Tests prove behavior, not structure. Every test should answer: "what user-visible or API-visible behavior does this verify?"
Work in vertical slices: one test, one implementation, repeat. Each test responds to what you learned from the previous cycle.
RIGHT (vertical):
RED→GREEN: test1→impl1
RED→GREEN: test2→impl2
RED→GREEN: test3→impl3
WRONG (horizontal):
RED: test1, test2, test3, test4, test5
GREEN: impl1, impl2, impl3, impl4, impl5
Writing all tests first then all implementation produces bad tests — you end up testing imagined behavior instead of actual behavior.
Tests must produce the same result every run:
- No conditional assertions or branching paths
- No reliance on timing, randomness, or network jitter
- No weak assertions (
toBeTruthy,toBeDefined) - Assert the full intended behavior, not fragments
// Bad: conditional and weak
it("creates a tool call", async () => {
const result = await createToolCall(input);
if (result.ok) {
expect(result.id).toBeDefined();
}
});
// Good: deterministic and explicit
it("returns timeout error when provider times out", async () => {
const result = await createToolCall(input);
expect(result).toEqual({
ok: false,
error: { code: "PROVIDER_TIMEOUT", waitedMs: 30000 },
});
});Never remove a test because it's flaky. Find the variance source (time, randomness, race condition, shared state, non-deterministic output, environment drift) and fix it.
Mocks are not the default. They require an explicit decision.
- Database: real test database, not a mock
- APIs: real APIs with test/sandbox credentials, not request mocks
- File system: temporary directory that gets cleaned up, not fs mocks
Ask: "will this still hold with real dependencies at runtime?" If no, don't mock.

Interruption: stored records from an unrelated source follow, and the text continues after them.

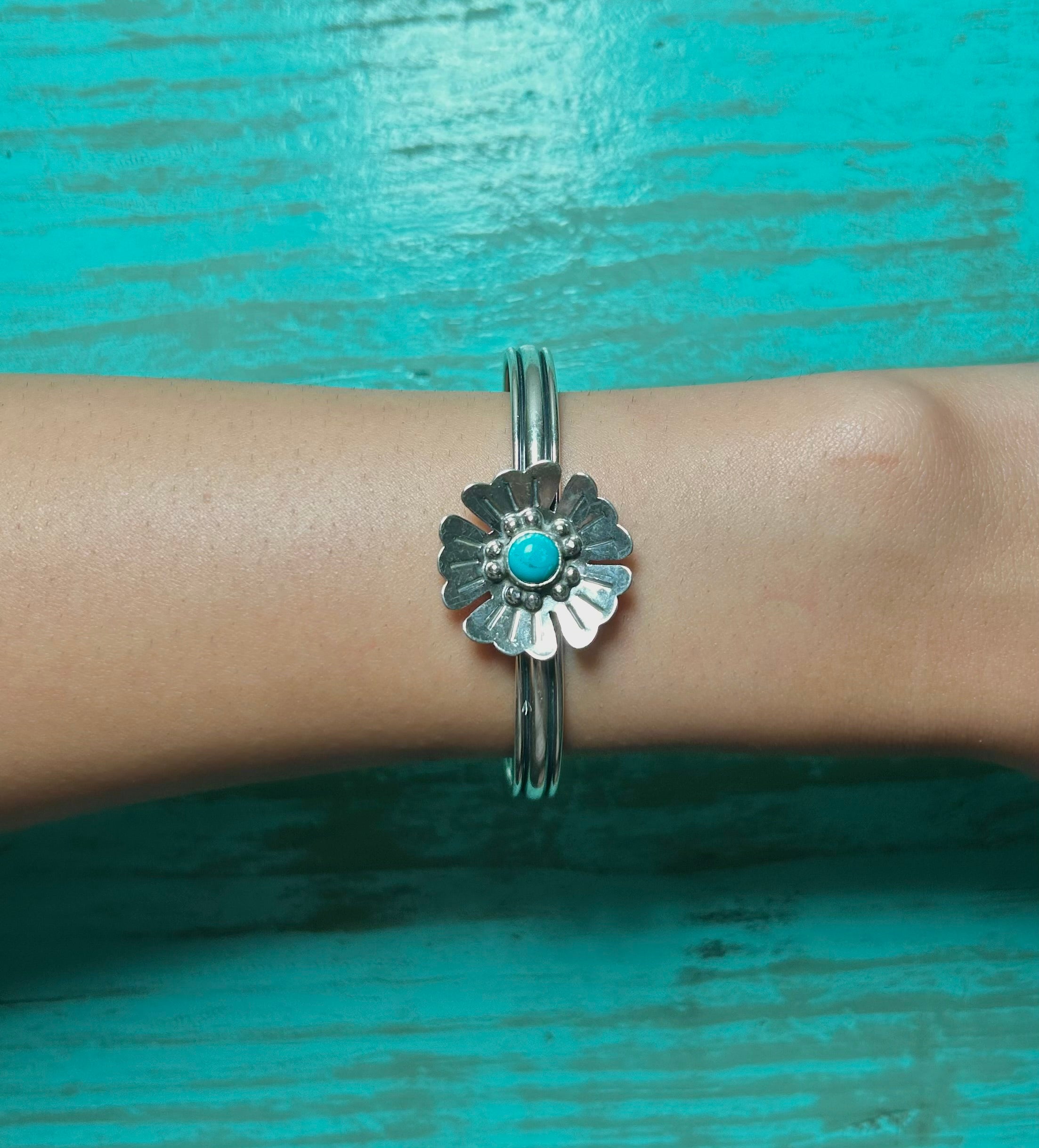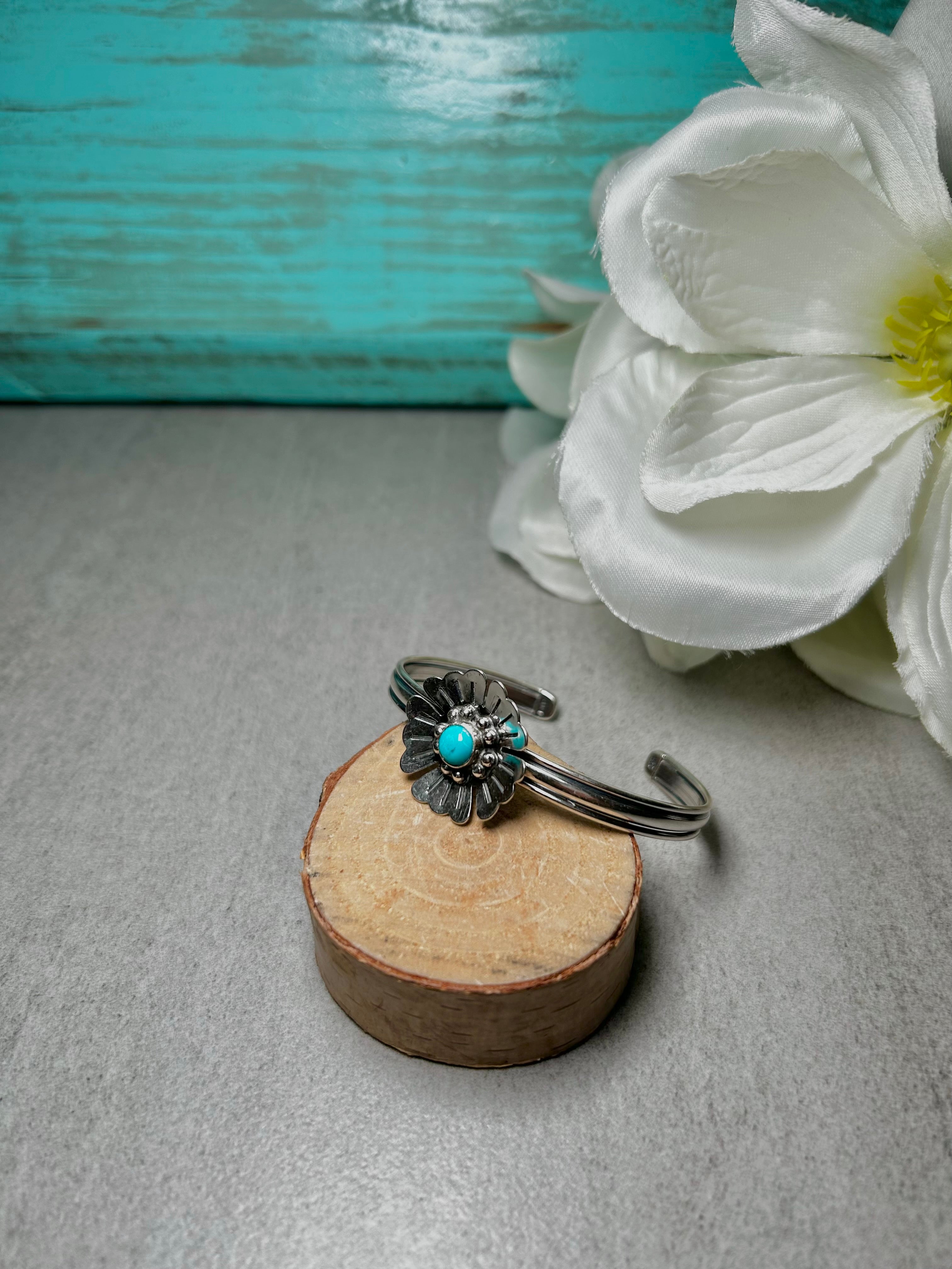 Navajo Made Kingman Turquoise & Sterling Silver Cuff Bracelet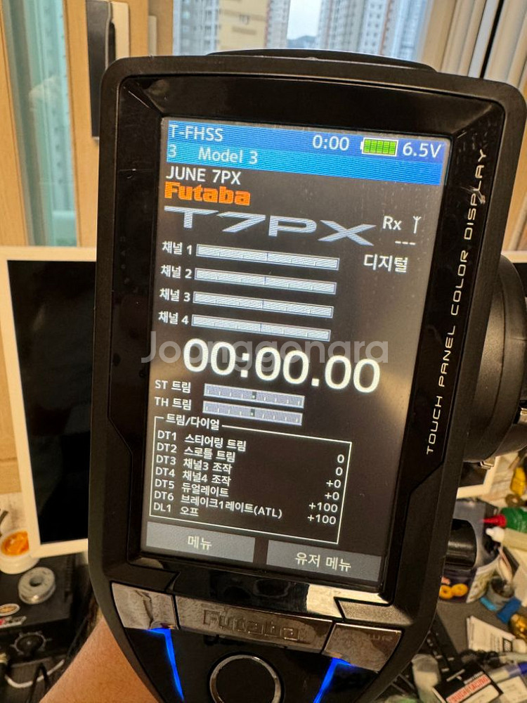 futaba 7px 판매합니다 수신기 신품 배터리는 없고, 휠에 스펀지 경회되어 버려서 새로 구매하시면 됩니다. 그외에는 액정 필름 붙여 사용해 대체적으로 양호합니다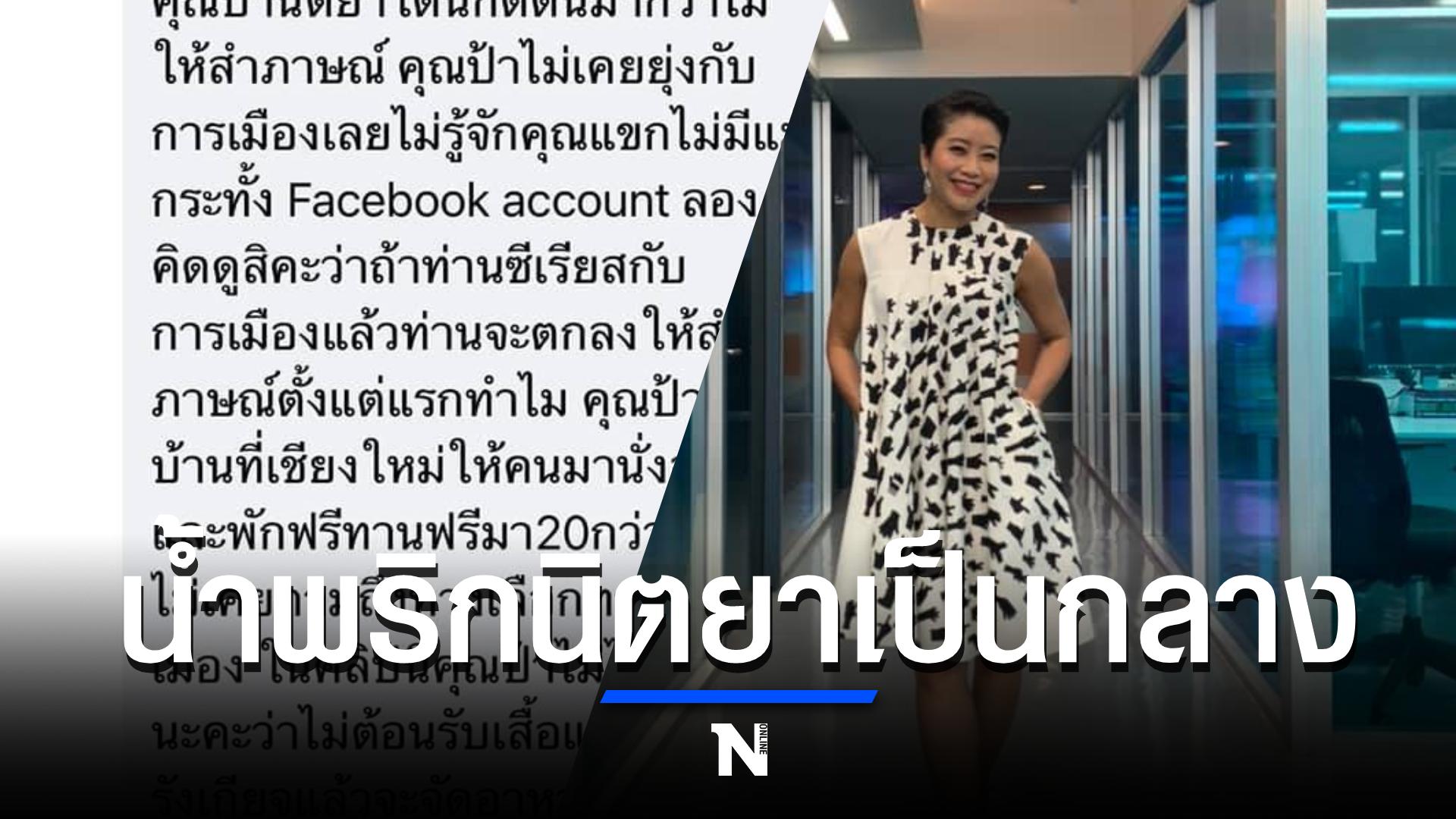 “ในคลิปนี้คุณป้าไม่ได้พูดเลยนะคะว่า ไม่ต้อนรับเสื้อแดง ถ้ารังเกียจแล้วจะจัดอาหารรับรองไว้ให้ทำไม ขอร้องว่าอย่ากล่าวหาท่านผิดๆ ท่านอาจแยกไม่ออก ตามที่ได้ยินมาว่ารายการของคุณแขก เป็น lifestyle TV หรือ political TV กันแน่ ซึ่งคุณป้าเห็นตามสมควรแล้วว่า ควรทำตัวเป็นกลาง ซึ่งทำให้ทุกๆ คนเข้าใจผิด แล้วกลายเป็นดราม่าของสังคม”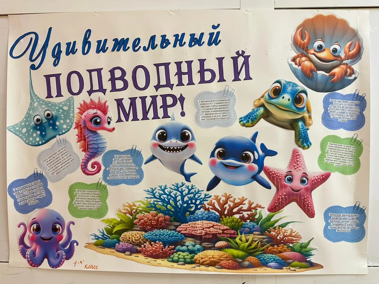 Проектная деятельность в 1 «А» классе на тему «Удивительный подводный мир». Работа над данным проектом позволит обогатить знания детей о морских обитателях, их внешнем виде, строении, узнать интересные факты.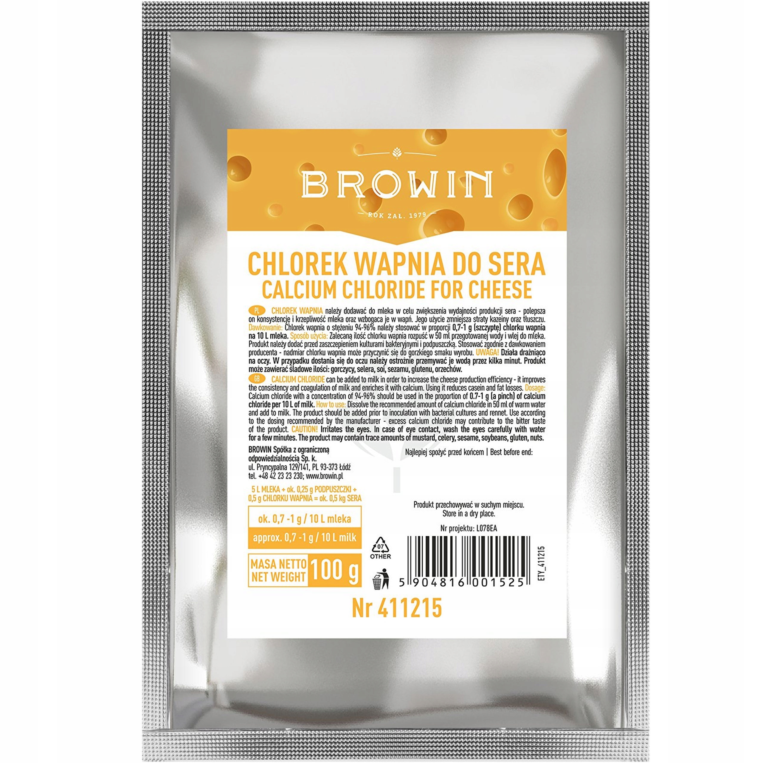 Просматривая «Биовин хлорид кальция для домашнего сыра 100 г», вы можете быть уверены, что данный товар из каталога «Сычужный фермент и добавки» будет доставлен из Польши и проверен на целостность. В цене товара, указанной на сайте, учтена доставка из Польши. Внимание!!! Товары для Евросоюза, согласно законодательству стран Евросоюза, могут отличаться упаковкой или наполнением.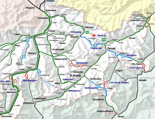 rechts talaufwärts, durch Zernez (Einkaufsmöglichkeiten) Richtung St.Moritz,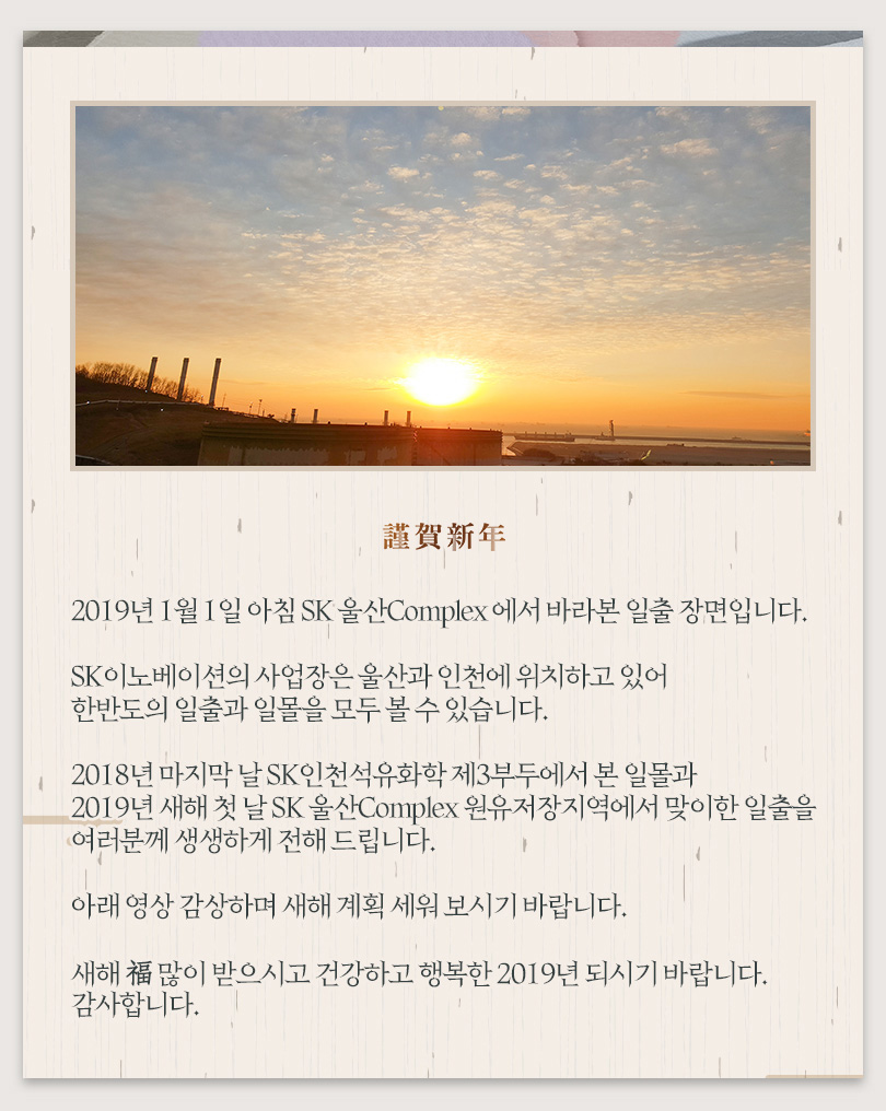 [영상] 2019년 새해 첫날, SK 울산Complex에서 바라본 일출 2019. 01. 01 SK이노베이션 1분 읽기 [영상] 2019년 새해 첫날, SK 울산Complex에서 바라본 일출 AI 요약 AI 보이스 ▲ SK인천석유화학에서 바라 본 2018년 마지막 일몰과 SK 울산Complex에서 맞은 2019년 첫 일출 미디어 키트 이전글 새해 울산Complex 일몰 일출 다음글 연관 콘텐츠 기업 뉴스 [SK innovation’s 2020] SKinno News meets the CEOs ⑧ – Taewon Kim, President of E&P Biz. 2020.02.24 INSIGHT PEOPLE & CULTURE Previous 기업 뉴스 프레스센터 “미래 모빌리티 산업의 Global Leading Company가 될 것이라는 확신이 들었습니다” – Fanny Deplace의 CES 2020 참관기 2020.01.28 INNO FOCUS CES 2019 현장을 사로잡은 SK이노베이션 – 관람객 인터뷰 2019.01.11 PRESS SK이노베이션, 배터리 신규 공장 설립 위해 美 조지아 州와 MOU 체결 2019.01.05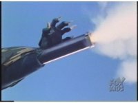 Zoom in on cockpit as Red Ranger raises fist up, then forth, then grips control. |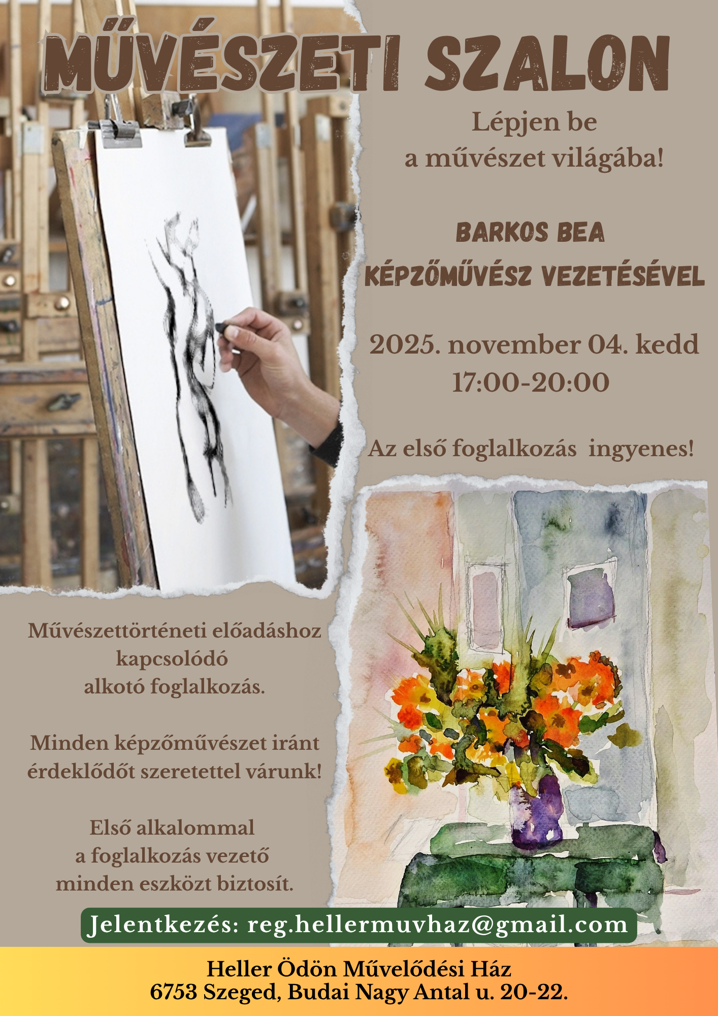 A Művészeti Szalon havonta egy alkalommal várja mindazokat, akik szeretnének elmélyedni a képzőművészetben, új technikákat kipróbálni, és saját alkotásokat létrehozni inspiráló közegben.

When you need test isolation, design code so dependencies are injectable:
interface EmailSender {
send(to: string, body: string): Promise<void>;
}
// Production
const realSender: EmailSender = { send: sendgrid.send };
// Test: in-memory adapter
function createTestEmailSender() {
const sent: Array<{ to: string; body: string }> = [];
return {
send: async (to: string, body: string) => {
sent.push({ to, body });
},
sent,
};
}When a test is labeled end-to-end, it calls the real service. No environment variable gates, no conditional skipping, no mocking the external dependency.
- Collocate tests with implementation:
thing.ts+thing.test.ts - Extract complex setup into reusable helpers
- Test bodies should read like plain English
- Build a vocabulary of test helpers that make complex flows simple
Agent providers handle their own auth. Do not add auth checks, environment variable gates, or conditional skips to tests. If auth fails, report it.
Use the test as your debugging ground:
- Add temporary logging to the code under test
- Run the test, observe actual values
- Trace the flow end-to-end through test output
- Confirm each assumption with actual output
- Remove logging when done
The test output is the source of truth, not your reading of the code.
If code isn't testable, refactor it. Signs:
- You want to reach for a mock
- You can't inject a dependency
- You need to test private internals
- Setup requires too much global state
Aim for deep modules: small interface, deep implementation. Fewer methods = fewer tests needed, simpler params = simpler setup.